- _Assigned task_
In the entries below, repeat only the lines between those holding "高腰顯瘦排扣牛仔褲時尚韓版秋裝女2018新款配腰帶鉛筆小腳九分褲" and "<p>Belediye Başkan Adayları", inclusive. Leave pictures out.

- _Records provided_
—————

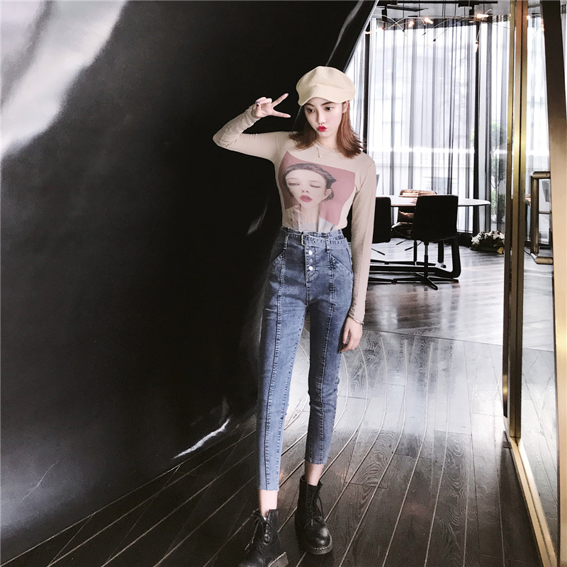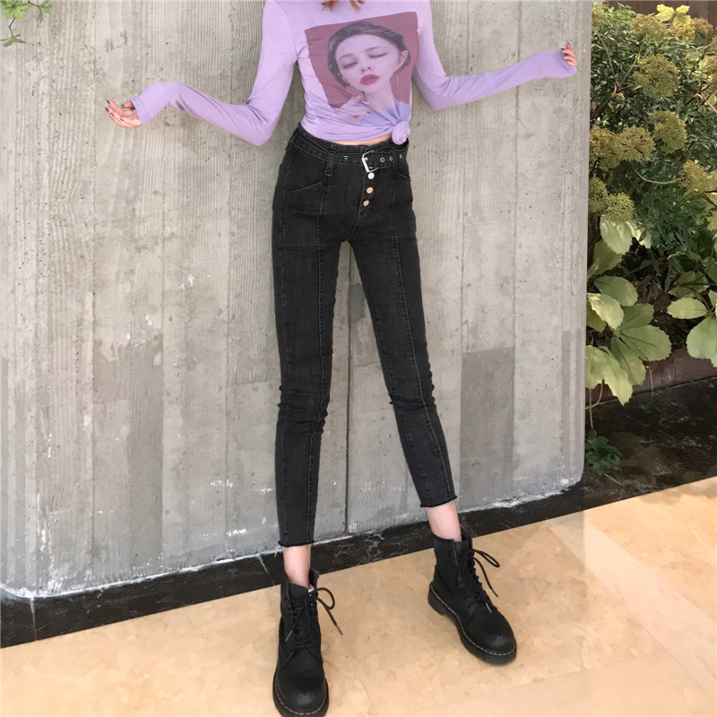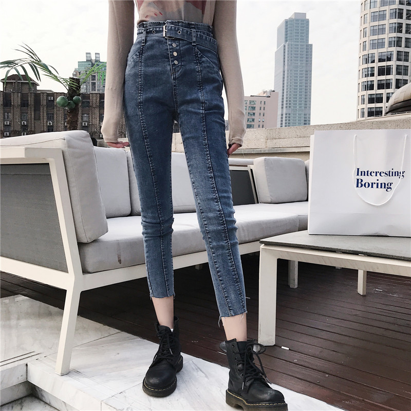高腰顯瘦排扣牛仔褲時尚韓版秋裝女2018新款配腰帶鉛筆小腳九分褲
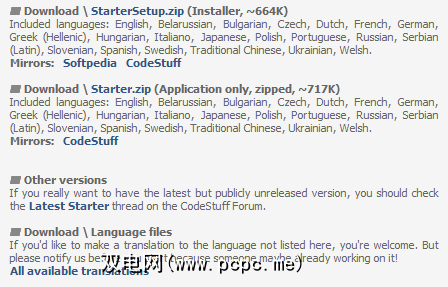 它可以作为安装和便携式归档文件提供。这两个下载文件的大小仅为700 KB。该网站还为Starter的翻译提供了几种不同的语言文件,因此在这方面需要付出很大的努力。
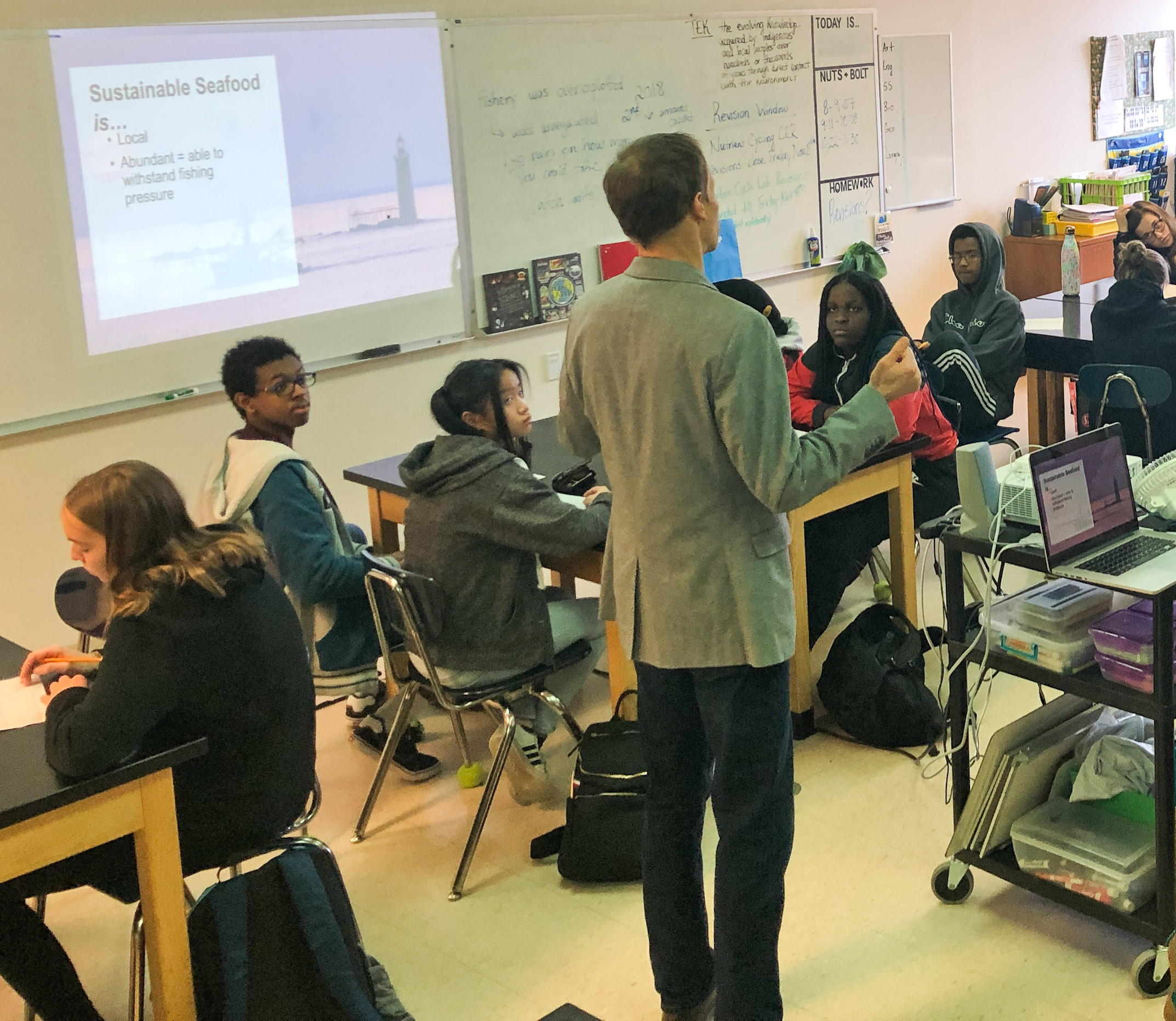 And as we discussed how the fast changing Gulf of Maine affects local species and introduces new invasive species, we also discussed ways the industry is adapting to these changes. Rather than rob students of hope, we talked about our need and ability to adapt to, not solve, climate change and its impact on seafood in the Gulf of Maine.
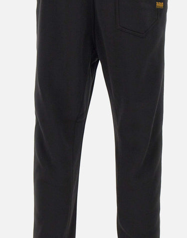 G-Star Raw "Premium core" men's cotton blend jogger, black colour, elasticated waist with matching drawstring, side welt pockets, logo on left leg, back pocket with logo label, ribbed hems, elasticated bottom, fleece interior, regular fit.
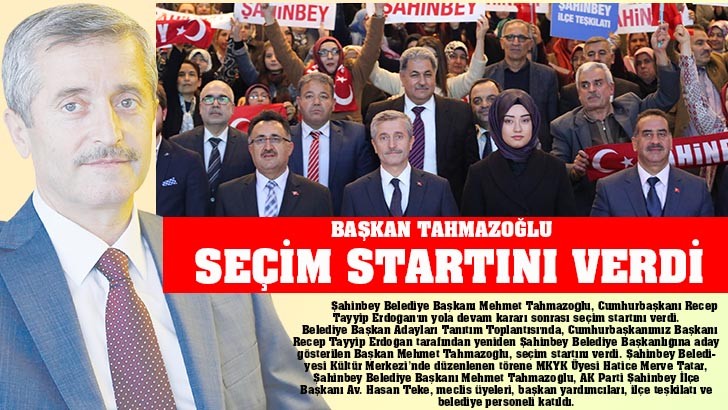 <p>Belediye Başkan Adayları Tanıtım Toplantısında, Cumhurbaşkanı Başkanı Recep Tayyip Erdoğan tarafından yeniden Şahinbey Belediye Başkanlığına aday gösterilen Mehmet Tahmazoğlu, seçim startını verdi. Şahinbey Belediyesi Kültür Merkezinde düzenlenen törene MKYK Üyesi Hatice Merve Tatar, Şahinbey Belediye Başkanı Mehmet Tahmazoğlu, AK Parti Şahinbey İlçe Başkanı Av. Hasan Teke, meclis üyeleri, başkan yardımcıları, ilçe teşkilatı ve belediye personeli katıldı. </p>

—————

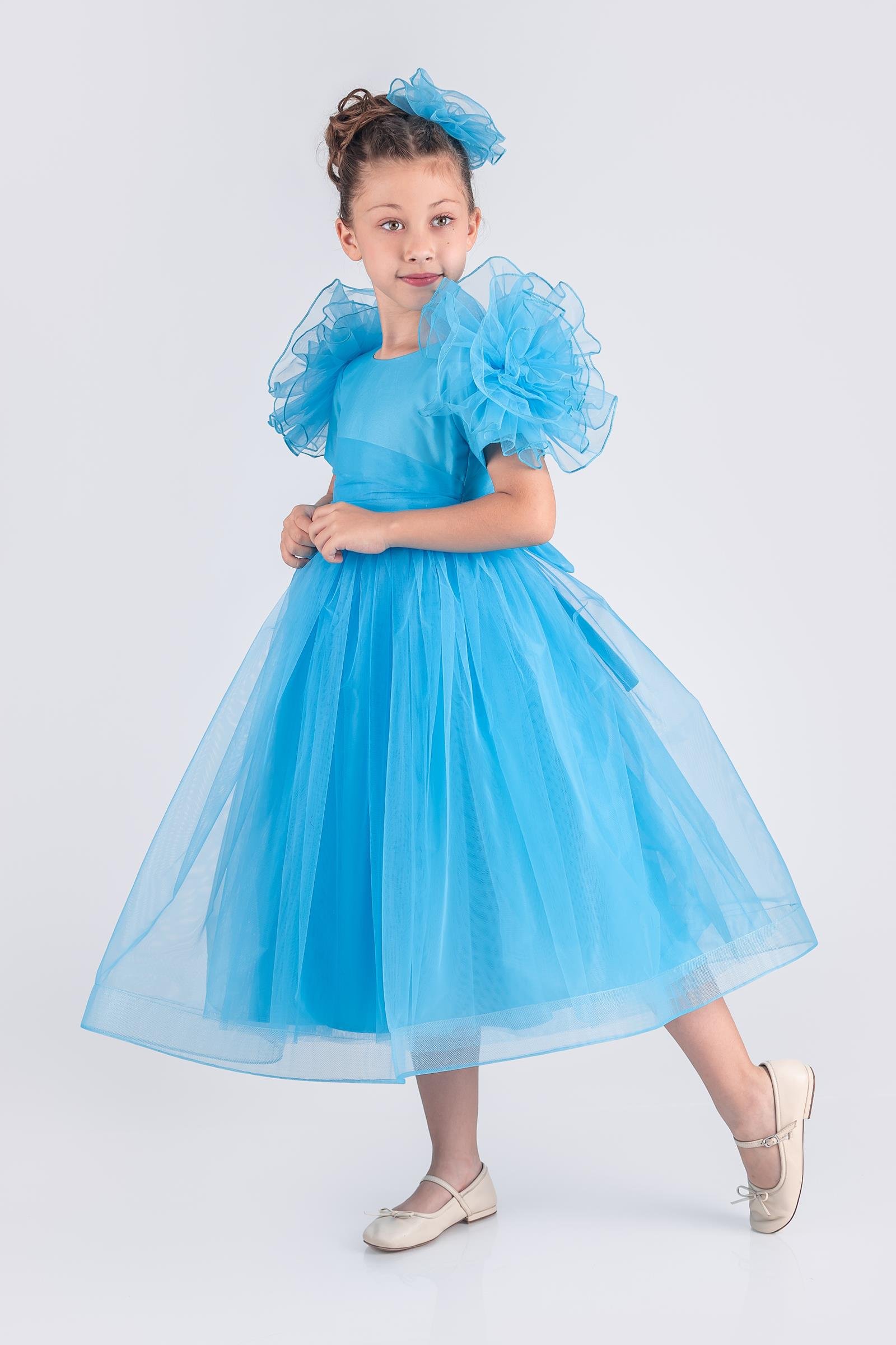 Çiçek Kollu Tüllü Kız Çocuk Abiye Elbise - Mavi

—————

- _Reply to the task_
高腰顯瘦排扣牛仔褲時尚韓版秋裝女2018新款配腰帶鉛筆小腳九分褲
 它可以作为安装和便携式归档文件提供。这两个下载文件的大小仅为700 KB。该网站还为Starter的翻译提供了几种不同的语言文件,因此在这方面需要付出很大的努力。
 And as we discussed how the fast changing Gulf of Maine affects local species and introduces new invasive species, we also discussed ways the industry is adapting to these changes. Rather than rob students of hope, we talked about our need and ability to adapt to, not solve, climate change and its impact on seafood in the Gulf of Maine.
 G-Star Raw "Premium core" men's cotton blend jogger, black colour, elasticated waist with matching drawstring, side welt pockets, logo on left leg, back pocket with logo label, ribbed hems, elasticated bottom, fleece interior, regular fit.
 <p>Belediye Başkan Adayları Tanıtım Toplantısında, Cumhurbaşkanı Başkanı Recep Tayyip Erdoğan tarafından yeniden Şahinbey Belediye Başkanlığına aday gösterilen Mehmet Tahmazoğlu, seçim startını verdi. Şahinbey Belediyesi Kültür Merkezinde düzenlenen törene MKYK Üyesi Hatice Merve Tatar, Şahinbey Belediye Başkanı Mehmet Tahmazoğlu, AK Parti Şahinbey İlçe Başkanı Av. Hasan Teke, meclis üyeleri, başkan yardımcıları, ilçe teşkilatı ve belediye personeli katıldı. </p>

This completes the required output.